Weak casting and sloppy dialogue make for a wasted opportunity for the usually heavy-handed director to comment on the drug trade.
Oliver Stone misses the message in Savages
Director: Oliver Stone
Starring: Taylor Kitsch, Aaron Johnson, Benicio del Toro, Salma Hayek, Blake Lively, John Travolta
Given his vocal disdain for America's foreign and domestic agendas since the Second World War, Oliver Stone does not enter the narco cartel wars debate with the confidence one might expect.
Although typically loud, brash and flat-footed, the Oscar-winning filmmaker oddly opts for hokey romance over stinging critique. Steering relatively clear of the brutal, violent gangland that lies just minutes south of that infamous border, the Mexico in Savages - largely glimpsed on computer screen - feels too removed to be real.
There is a point to Stone's logic. The Vietnam veteran, who so brilliantly seared that war's harsh realities into the public consciousness via Platoon and Born on the Fourth of July, claims to be drawing a clear line between US-generated conflicts overseas and the new levels of brutality they inspire. In addition, the Mexican cartels now play out the horrific nature of their crimes online for all to see, leaving them unanswerable to anyone. Yet with US and British banks now being named and shamed for funnelling cartel funds, some are clearly keen for this to continue unaffected.
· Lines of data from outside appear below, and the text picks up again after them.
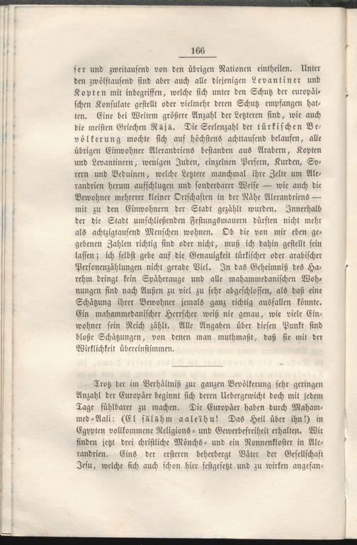 Trotz der im Verhältniß zur ganzen Bevölkerung sehr geringen Anzahl der Europäer beginnt sich deren Uebergewicht doch mit jedem Tage fühlbarer zu machen. Die Europäer haben durch Maham- med-Aali: (El sälähm aale'ihu! Das Heil über ihn!) in Egypten vollkommene Religions - und Gewerbefrciheit erhalten. Wir finden jetzt drei christliche Mönchs- und ein Nonnenkloster in Ale- randrien. Eins der ersteren beherbergt Vätcr der Gesellschaft Jesu, welche sich auch schon hier festgesetzt und zu wirken angefan-
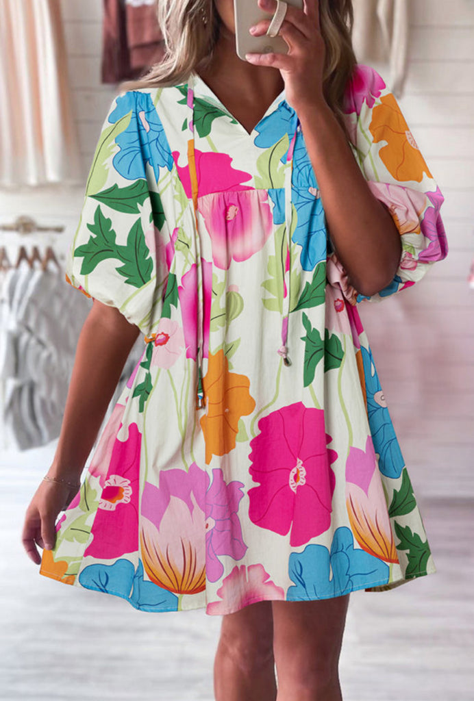 Introducing the Bora Bora Dress: the perfect blend of playful and chic. With a split neck and bubble sleeves, this babydoll style dress will make you stand out in any crowd. The bold florals add a touch of whimsy to your wardrobe. Embrace your unique style with this must-have dress! Oversized fit.
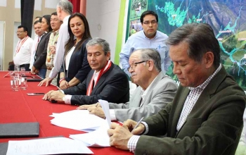 Piura. El gobernador regional de Piura, Ing. Reynaldo Hilbck, acompañado de la vicepresidenta de la República, Marisol Espinoza, y congresistas Karla Schaefer, Freddy Sarmiento y Juan José Díaz, miembros del Consejo Regional, alcaldes distritales y agricultores del Alto Piura, se realizó hoy la firma de contrato entre el Gobierno Regional y el Consorcio Peruano Italiano Obrainsa-Astaldi, para la ejecución del Primer Componente del Proyecto Alto Piura: Presa Tronera Sur y Túnel Trasandino.
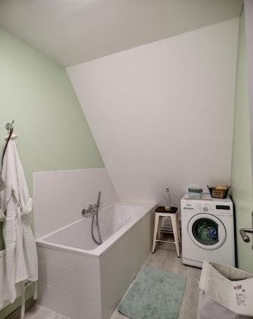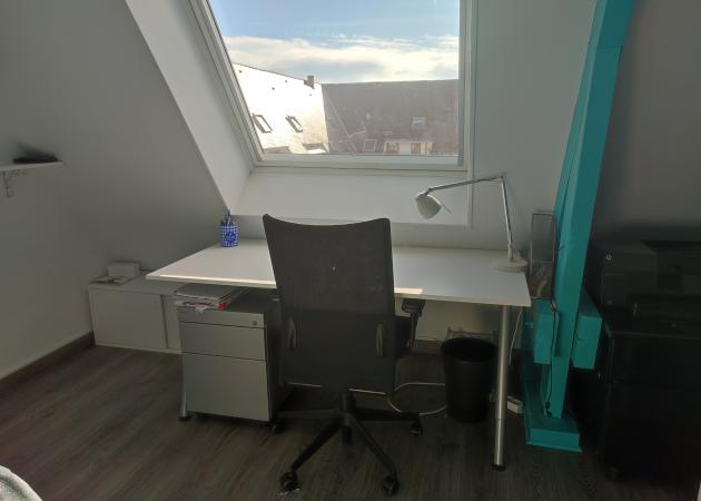 1 chambre de 10m2 équipée d'un lit 120x190 avec couette, oreillers, linge de lit et de toilette, bureau avec chaise, armoire. Une salle de bain avec baignoire est attenante à l'étage. Mise à disposition de la machine à laver.
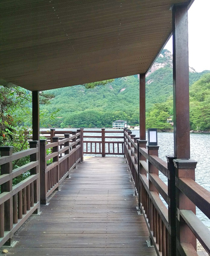 호수를 빙 둘러 데크가 잘 정비되어 있는데 물가를 바로 걷는 바닷길은 종종 봤어도 이런 호수 데크길은 처음이었다. 다른 곳에도 호수에 데크가 많이 설치되는 모양인데 아무튼 뭔가 물 위를 걷는 기분도 들어서 굉장히 상쾌했다.

With such weighty issues to hand, this colourful but clumsy stab at adapting Don Winslow's novel buckles as it struggles to find its tone. The two California dope-growing dealers - a gung-ho ex-marine (Taylor Kitsch) and his eco-minded offsider (a miscast Aaron Johnson) - are more consumed by a shared girlfriend, O (Blake Lively), than they are by the cartel's unwelcome demands to share or be squashed. O's capture by the cartel's old-fashioned don, Elena (Salma Hayek), does wake them up, but it doesn't shake the uneasy feeling that what resembles a telemovie should, in fact, be passing comment. This is an Oliver Stone picture, after all.
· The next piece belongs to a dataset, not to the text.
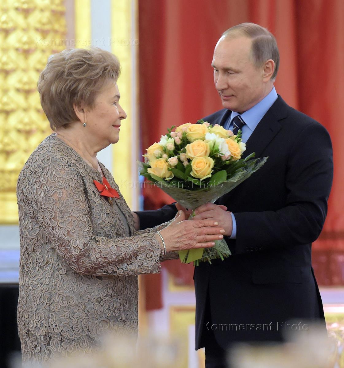 Прием по случаю 85-летнего юбилея вдовы первого президента России Бориса Ельцина Наины Ельциной прошел в Александровском зале Большого Кремлевского дворца. Президент России Владимир Путин во время приема. Президент России Владимир Путин вручил Наине Ельциной орден "Святой великомученицы Екатерины".
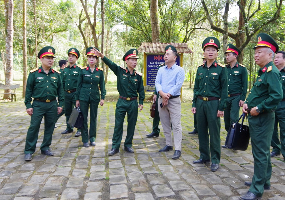Tại các điểm khảo sát, lãnh đạo địa phương và cơ quan chức năng báo cáo tình hình quản lý, bảo tồn, phát huy giá trị di tích. Đồng thời, Đoàn trực tiếp kiểm tra thực địa, nắm bắt những thuận lợi, khó khăn, vướng mắc trong quá trình tổ chức gìn giữ, khai thác các “địa chỉ đỏ” mang đậm dấu ấn lịch sử của Quân khu.

More convincing, to a point, are Benicio del Toro as Elena's insipid right-hand man, Lado, and John Travolta (sans hair piece) as the corrupt DEA figure batting for both camps - but even they can only go so far.
Blake Lively's misplaced voice-over only serves to make matters worse, with Stone's intended point instantly lost in a frothy haze of forgettable dialogue. It's a wasted opportunity from a once-great filmmaker who appears to have briefly dropped the ball again.